Directions: Your output should be the lines below from the one holding "安装完后双击桌面上的 WIFI共享精灵 图标,运行程序。" through the one holding "昨年、コミュニティ事業助成金", transcribed exactly, with no pictures.

Provided information:
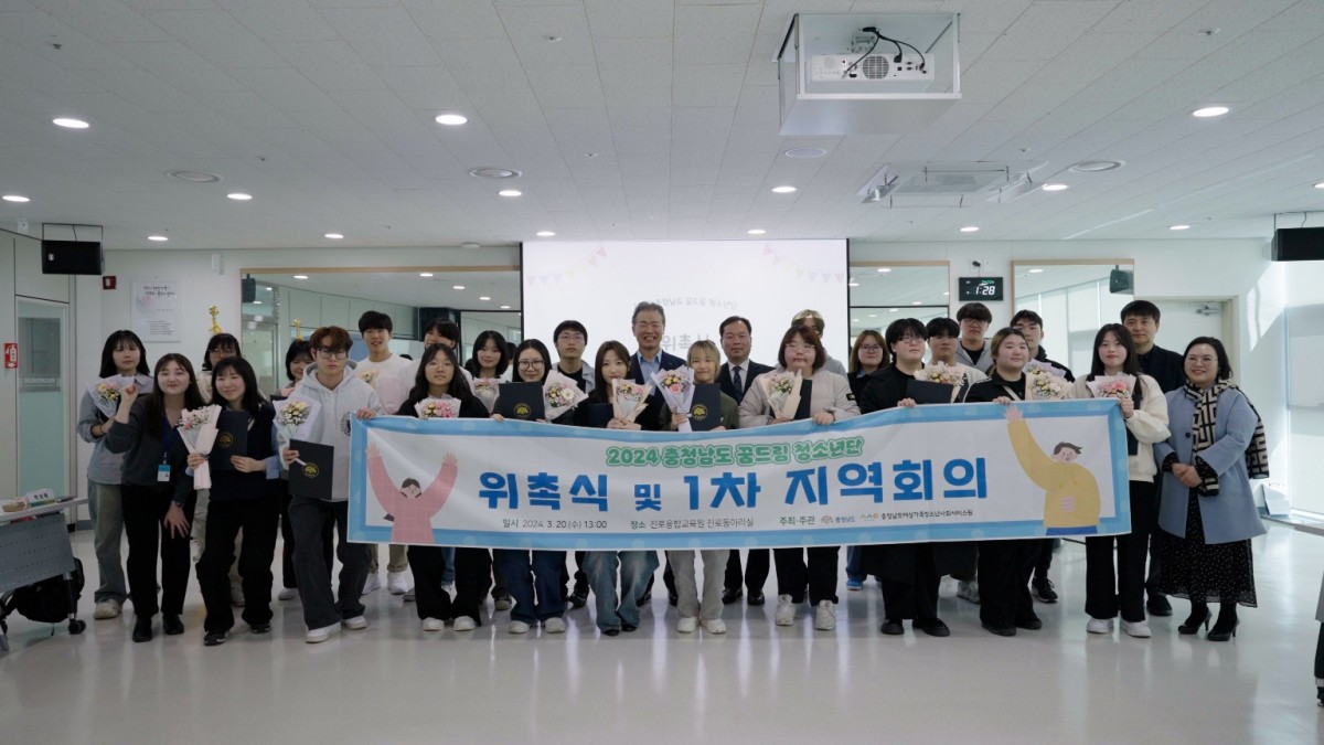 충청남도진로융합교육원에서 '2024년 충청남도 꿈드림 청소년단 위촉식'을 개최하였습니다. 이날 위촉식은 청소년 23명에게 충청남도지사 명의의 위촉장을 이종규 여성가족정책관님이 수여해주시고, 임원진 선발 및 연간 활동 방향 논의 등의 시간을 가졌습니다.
* * *
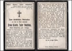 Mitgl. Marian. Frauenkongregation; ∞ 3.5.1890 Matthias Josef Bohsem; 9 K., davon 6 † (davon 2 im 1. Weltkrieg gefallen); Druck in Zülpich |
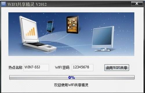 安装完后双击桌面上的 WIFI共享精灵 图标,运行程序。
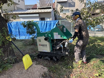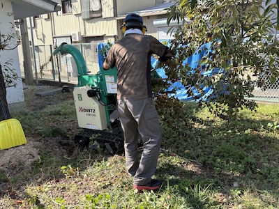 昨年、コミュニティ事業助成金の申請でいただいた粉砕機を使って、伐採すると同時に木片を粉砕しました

Answer section:
 安装完后双击桌面上的 WIFI共享精灵 图标,运行程序。
 昨年、コミュニティ事業助成金の申請でいただいた粉砕機を使って、伐採すると同時に木片を粉砕しました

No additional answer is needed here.